Разумеется, никаких экскурсий по дому не предполагалось. Двери и французские окна были открыты, но перегорожены лентой или тесьмой; если кому надо в туалет — пожалуйте в хозяйственный блок, где имелись уборные для конюхов и садовников. Однако у матери еще водились знакомцы среди слуг, и после чая, когда гости разбрелись по угодьям, через боковую дверь она тайком провела меня в дом, где мы немного пообщались с кухаркой и судомойками. Визит меня впечатлил необычайно. К кухне, расположенной в цокольном этаже, вел прохладный сводчатый коридор, чем-то напоминавший темницу в замке. По нему сновала уйма челяди с корзинками и подносами. Судомоек ждала гора посуды, и мать, закатав рукава, взялась им помогать. К моему восторгу, в награду за ее труды мне разрешили полакомиться желе и «финтифлюшками», которые вернулись с банкета нетронутыми. Меня усадили за дощатый стол и выдали из хозяйского сервиза ложку — тяжеленную штуковину потемневшего серебра, едва ли не больше моего рта.

Однако меня ждала еще большая радость. Высоко на стене сводчатого коридора висела коробка, полная всяких проводков и звоночков; когда один такой звонок затрезвонил, призывая наверх горничную, она взяла меня с собой, чтобы я заглянул за зеленую суконную штору, разделявшую парадную и служебную половины дома.
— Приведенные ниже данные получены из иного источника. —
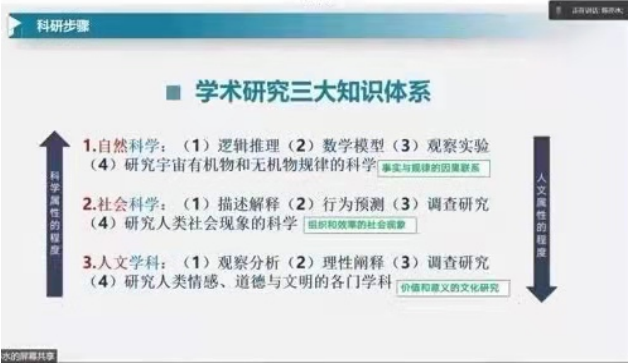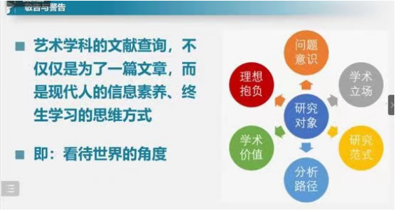 讲座中,陈亦水老师立足于专业实际与研究现状,在梳理科研步骤,建立整体框架的基础上,以确定选题和文献检索为主要切入点,对毕业论文开题与思维路径的探析进行了详细阐述。首先,陈亦水老师梳理了确定选题、文献综述、科研过程、完成论文、同一领域持续关注的科研步骤,强调了确定选题和文献综述的重要性。接着她从学术研究三大知识体系出发,阐述了自然科学、社会科学、人文学科的区别点与交叉性,以此确定艺术学科的研究定位:经验科学传统与人文科学传统,即经验型和阐释型,并分别对这两种研究类型进行了区分说明。其次,陈亦水老师提出了确定选题、保证不偏题不跑题的四个意识:问题意识、目标意识、科学意识、文献意识。其中,她从“培养媒介信息素养能力”、“按照检索思维查找文献”、“学会确定关键词”、“熟练掌握并使用数据库”四方面对文献意识进行了重点论述,她强调文献检索就是在做关于文献的研究工作,本质上就是学习的过程。最后,陈亦水老师为同学们列出了阐释型论文的必备拓展视野、写作规范、架构、行文禁忌等注意事项,并从自身经验出发,提出了多条贴合实际的敬告与警告,例如保持对理论前沿现状的了解、多去图书馆利用馆藏信息、学会建立自己的文献档案、与导师和前辈多交流、切勿抄袭等。她特别提到:艺术学科的文献查询,不仅仅是为了一篇文章,而是现代人的信息素养,终生学习的思维方式,即看待世界的角度。

Веди себя хорошо и тихонько жди меня здесь, сказала горничная. Ни в коем случае не суйся за штору — если полковник или хозяйка тебя заметят, выйдет скандал.

Вообще-то я был послушный ребенок. Но за шторой расходились два вымощенных мрамором коридора, полные удивительных вещей, и потому, едва служанка бесшумно скрылась в одном проходе, я отважно шагнул в другой. Меня охватил изумительный трепет. Я говорю не о страхе от незаконного вторжения, но о восторге, который дом вызывал во мне каждой своей деталью: отполированным полом, потемневшим от времени деревом стульев и шкафов, фаской зеркала и его резной рамой. Меня потянуло к безупречно белой стене, украшенной гипсовым бордюром в виде желудей и дубовых листьев. Подобное я видел лишь в церкви и оттого после секундного раздумья совершил поступок, который сейчас мне кажется чудовищным: я попытался отломить один желудь; ничего не вышло, и тогда я поддел его перочинным ножом. Мной руководил не вандализм. Я не был злобным разрушителем. Просто, восхищаясь домом, я хотел обладать его кусочком… вернее, мне казалось, что именно мое восхищение, которым, наверное, не проникся бы заурядный мальчик, дает мне на это право. Думаю, я был подобен юноше, жаждущему обладать локоном девушки, в которую он внезапно и безудержно влюбился.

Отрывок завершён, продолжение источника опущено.